In the first case, it was shown how information theory (namely variation of information) combined with adaptive networks was able to identify topic clusters in the news published by the Portuguese online newspaper Público.
In the second case, the structure of news published by the British newspaper The Guardian is revealed through the construction of time series of news clustered by a kmeans process. After this approach an unsupervised algorithm, that filters out irrelevant news published online by taking into consideration the connectivity of the news labels entered by the journalists, was developed. This novel hybrid technique is based on Q analysis for the construction of the filtered network followed by a clustering technique to identify the topical clusters. Presently this work uses a modularity optimisation clustering technique but this step is general enough that other hybrid approaches can be used without losing generality. A novel second order swarm intelligence algorithm based on Ant Colony Systems was developed for the travelling salesman problem that is consistently better than the traditional benchmarks. This algorithm is used to construct Hamiltonian paths over the news published using the eccentricity of the different documents as a measure of distance. This approach allows for an easy navigation between published stories that is dependent on the connectivity of the underlying structure.
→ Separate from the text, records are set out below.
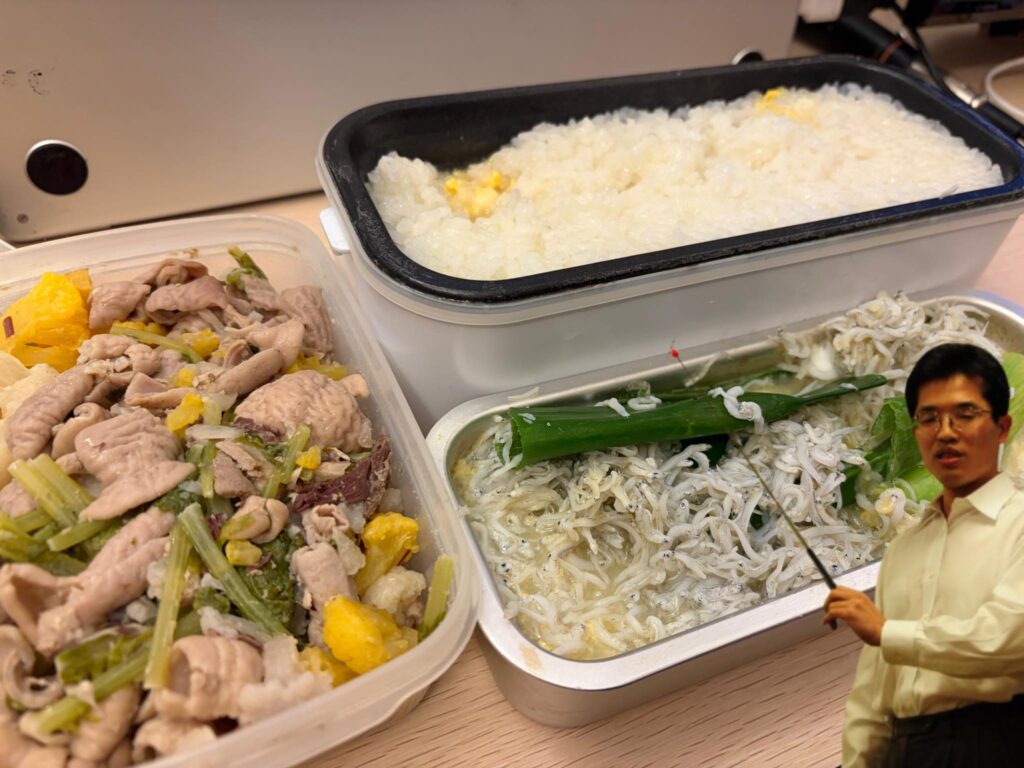 左の持参した白モツとカリフラワーと大根菜を食べました。
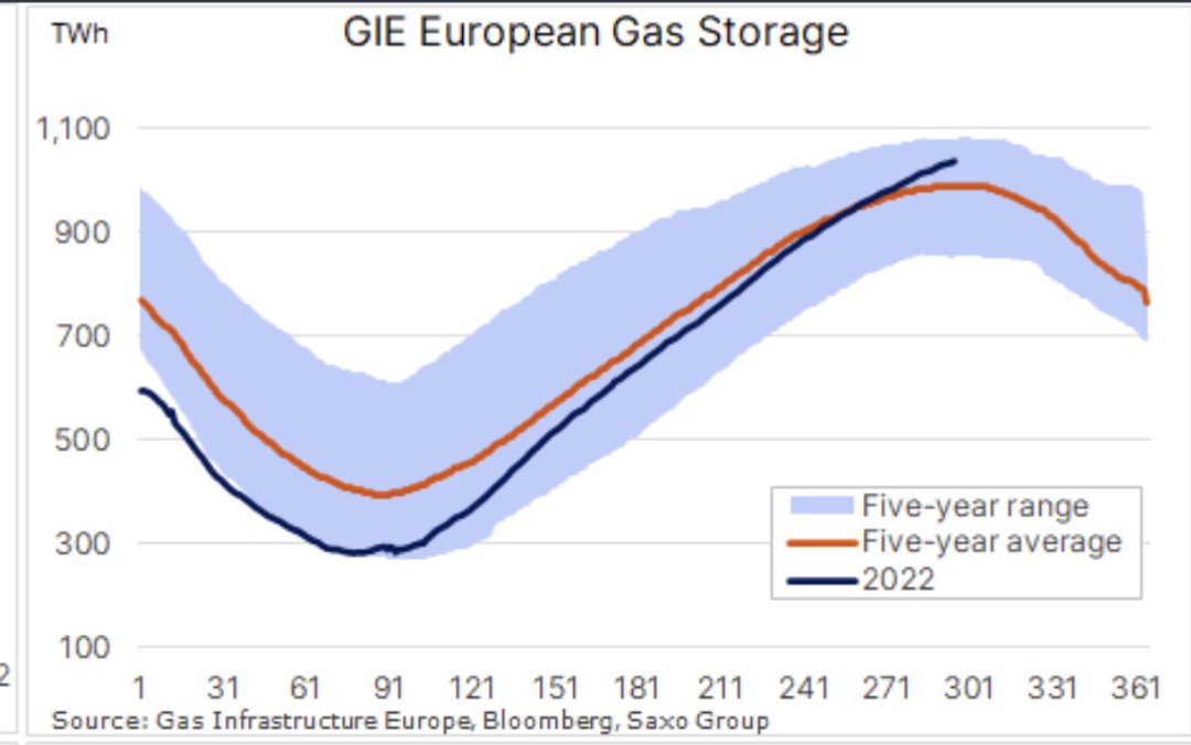 But it is still early fall. In a normal winter scenario, gas demand would exceed supply + storage, and sufficiently re-filling after winter would be challenged.
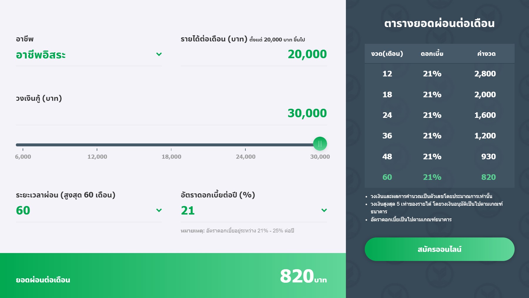 -กู้ยืมเงิน เริ่มต้น 6,000 บาท สูงสุด 5 เท่าของรายได้ ไม่เกิน 1.5 ล้านบาท
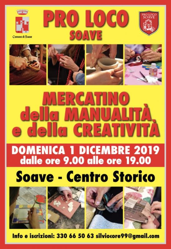 L'associazione Pro Loco di Soave propone per Domenica 01 Dicembre 2019 il "Mercatino della Manualità e della Creatività", che si svolgerà nel Centro Storico di Soave (VR) dalle 9,00 alle 19,00. Con il patrocinio di: Comune di Soave e UfficioTuristico IAT Est Veronese.
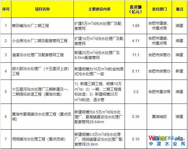 表1 合肥市“十三五”城鎮(zhèn)生活污水處理工程
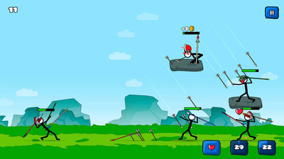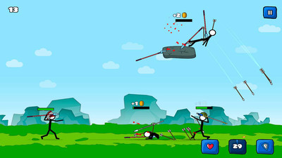 在敌人火柴人瞄准和射击。拖放你的手指进行定位和射击。
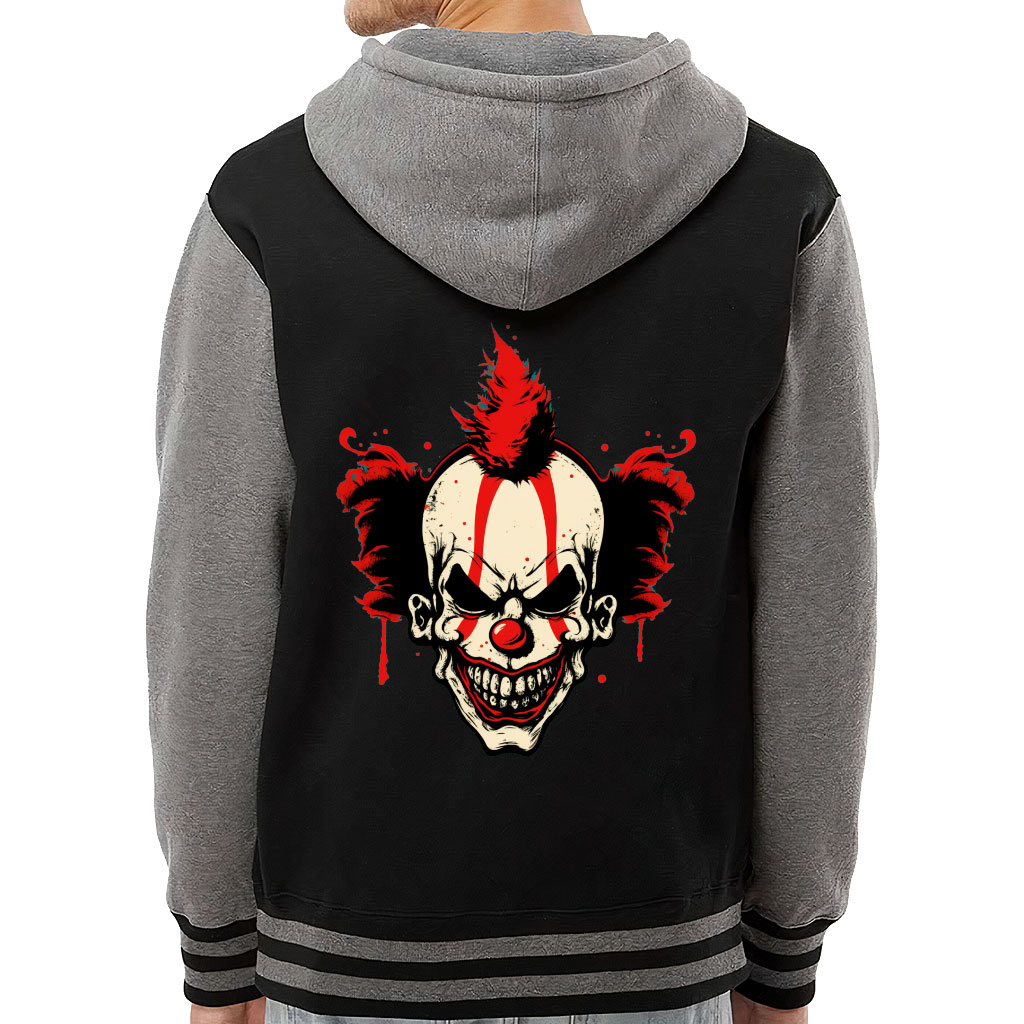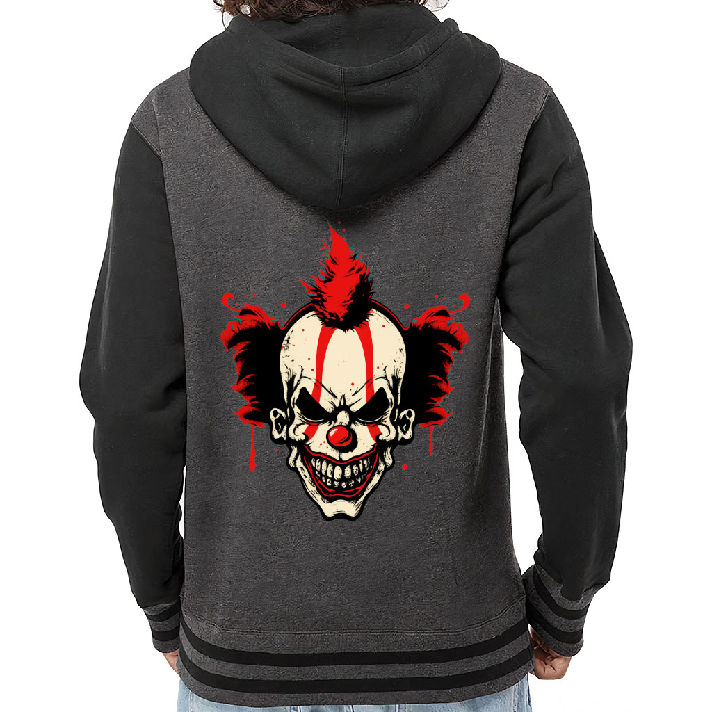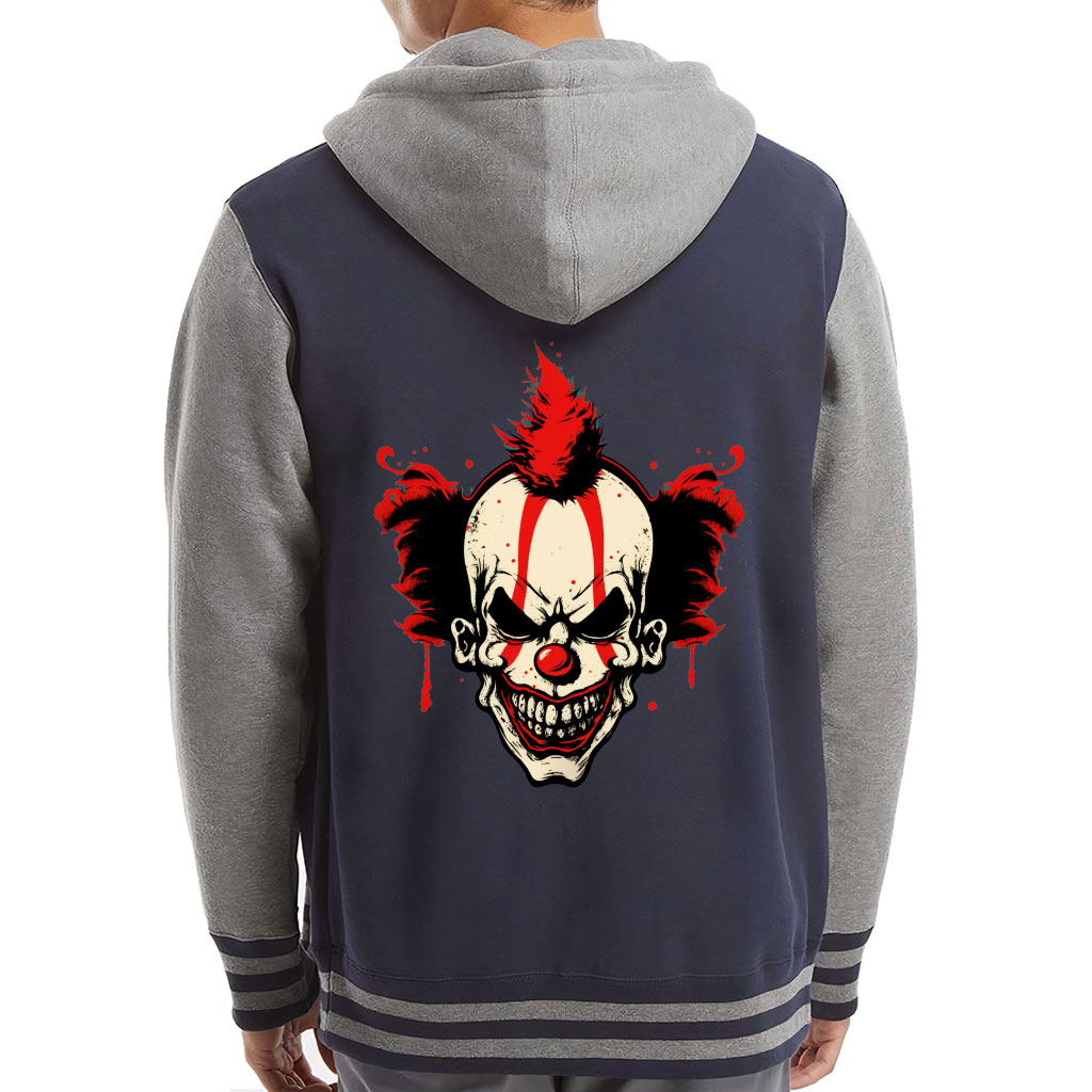 An essential closet staple, Clown Skull Varsity Hoodie is a go-to classic for hiking, training, or just kicking back. Pair it with your favorite shorts, athletic pants, jeans, or any pants you like.
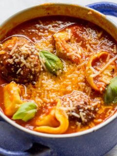 This Meatball Tortellini Soup is a go-to when you need a hearty, satisfying meal that doesn’t take all day. It’s packed with rich tomato broth, tender Italian meatballs, cheesy tortellini, and as much spinach as your people will eat. Tortellini and Meatball Soup This soup really has it all. Not only are there bite-sized meatballs …

The results presented in this work show the importance of taking topic detection in large corpora as a multitude of relations and connectivities that are not in a static state. They also influence the way of looking at multi-dimensional ensembles, by showing that the inclusion of the high dimension connectivities gives better results to solving a particular problem as was the case in the clustering problem of the news published online.

The complete document is available here.

Following his Master and PhD in Complexity Sciences in Lisbon, David Rodrigues is now research Fellow at The Open University, Milton Keynes, United Kingdom – website here.